IDAHO: The federal Ninth Circuit Court of Appeals may or may not be the Circuit with the most decisions later overturned by the Supreme Court, depending on your source, but here’s the latest from those judges for what it’s worth. Today, they overturned Idaho’s Pain-Capable Unborn Child Protection Act. Grounds: parts are “unconstitutionally vague,” create an “undue burden,” and “it categorically bans some abortions before viability.” Help yourself to the whole decision.
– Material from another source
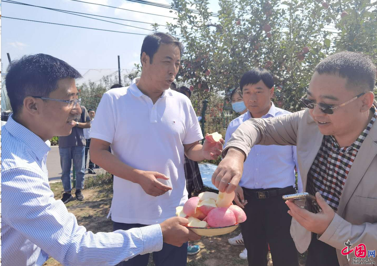 El día 20 por la ma?ana, tras despedirnos de la majestuosa catarata de Hukou, condujimos unos 30 kilómetros al sureste a través de rutas monta?osas de exuberante vegetación para llegar a las famosas plantaciones de manzanas del pueblo de Dongcheng, distrito Ji en Linfen, provincia de Shanxi. Gran parte de las frutas estaban ya en bolsas y yacían bajo el sol del medio oto?o con su rojo provocador. A simple vista, podían distinguirse 3 colores: rojo, amarillo y verde (manzanas rojas, cascadas amarillas, entorno verde) una mezcla que caracteriza la erradicación de la pobreza en la localidad.

CALIFORNIA: On May 26, a bill to compel pro-life pregnancy care centers to promote abortions was passed by the California Assembly. It now goes to the state senate. Apparently, abortion providers are having so much trouble appealing to women that they need to enlist privately-funded pregnancy care centers to help with publicity. See coverage in Breitbart and LifeNews.
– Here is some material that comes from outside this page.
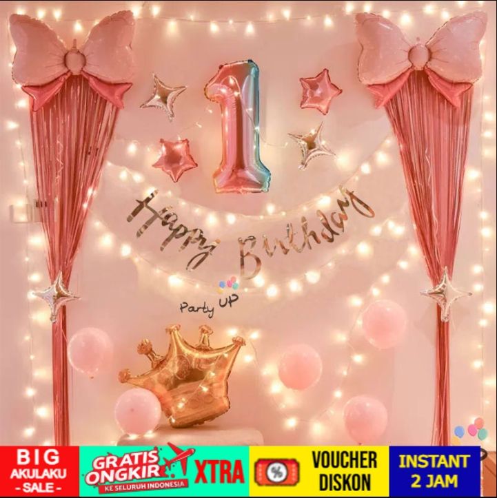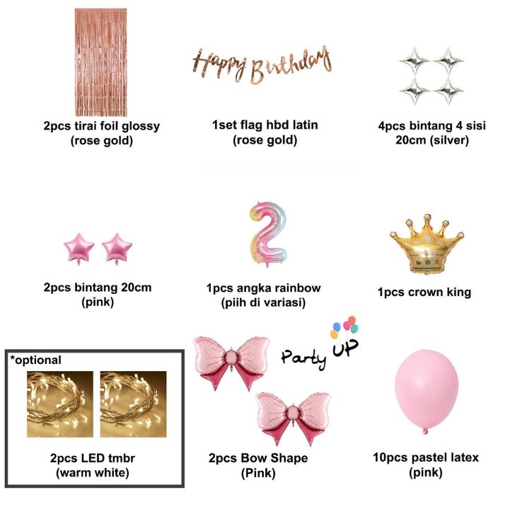 [Paket Kids] Pink Tie Birthday Rainbow Party Decoration

Pending hearings in MASSACHUSETTS: Closer to home, Massachusetts Citizens for Life says two interesting bills will have hearings at the State House in Boston on June 2. One would lower the age of consent for abortion to 16, eliminating use of the state’s parental notification statute for minors aged 16 and above. The other, strongly supported by MCFL, would amend the definition of “clinic” in the general laws and would require inspection and licensing of non-hospital abortion facilities.

I recall writing two years ago about the statement by a New Hampshire Health and Human Services official that “there is no such thing as an abortion clinic” in our state. Definitions matter. It will be interesting to see how the Massachusetts bill fares.

 

 

Massachusetts voters favor abortion facility licensing

vote checkmarkFrom Massachusetts Citizens for Life: Voters in eleven legislative districts in Massachusetts had an advisory measure on last Tuesday’s ballot:

“SHALL THE STATE REPRESENTATIVE FROM THIS DISTRICT BE INSTRUCTED TO VOTE IN FAVOR OF LEGISLATION THAT REQUIRES ALL NON-HOSPITAL FACILITIES PERFORMING MORE THAN 10 ABORTIONS A YEAR TO BE LICENSED AS “CLINICS” AND TO BE INSPECTED AT LEAST EVERY TWO YEARS BY THE MASSACHUSETTS DEPARTMENT OF PUBLIC HEALTH?”
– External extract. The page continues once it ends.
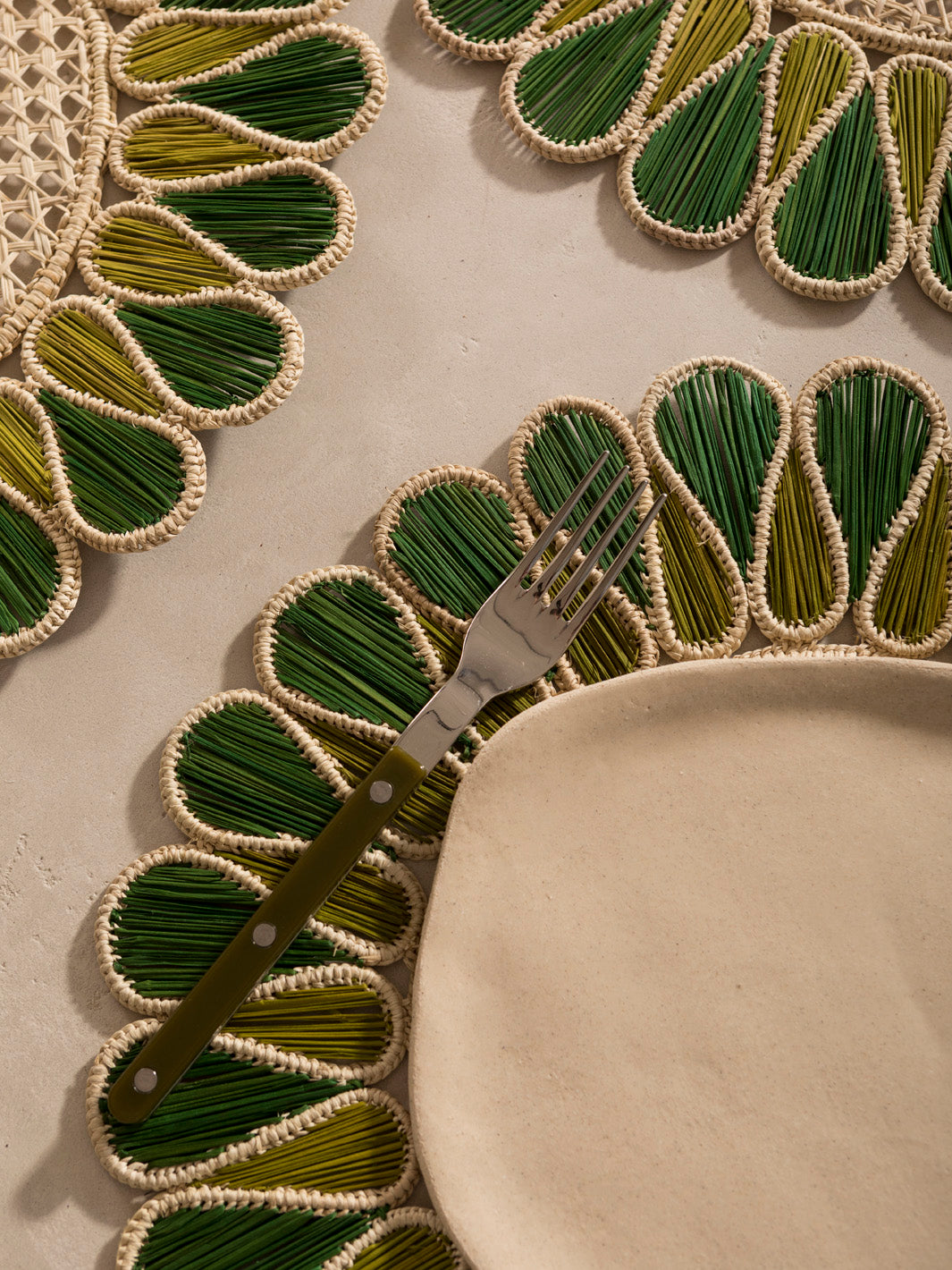 Exclusivos manteles individuales hechos por artesanos de Usiacurí, una vibrante ciudad de la costa caribeña de Colombia. Utilizando una técnica tradicional que se ha transmitido de generación en generación, el proceso comienza dando forma a una estructura de alambre, sobre la que tejen intrincados patrones con palma de Iraca. El resultado es una obra de arte excepcionalmente detallada que realzará cualquier mesa.

Voters in all eleven districts said “yes” by landslide majorities. This question was strictly advisory, but it puts the legislators for those districts on the spot – will they or won’t they heed what the voters said?

New Hampshire law doesn’t provide for initiative and referendum questions, although individual towns and cities can put questions on local ballots. Citizens may also petition local officials to enact a municipal ordinance. An interesting idea: what if New Hampshire residents get tired of waiting for the legislature to act, and try to get local action on abortion facility oversight? There’s no question that most known New Hampshire abortion facilities are located in “friendly” territory. Still, it would be interesting to hear what the neighbors say about subjecting abortion facilities to the same requirements that must be met by ambulatory care facilities. I’ll bet most of the neighbors think (incorrectly) that the requirements are already the same. They’re not.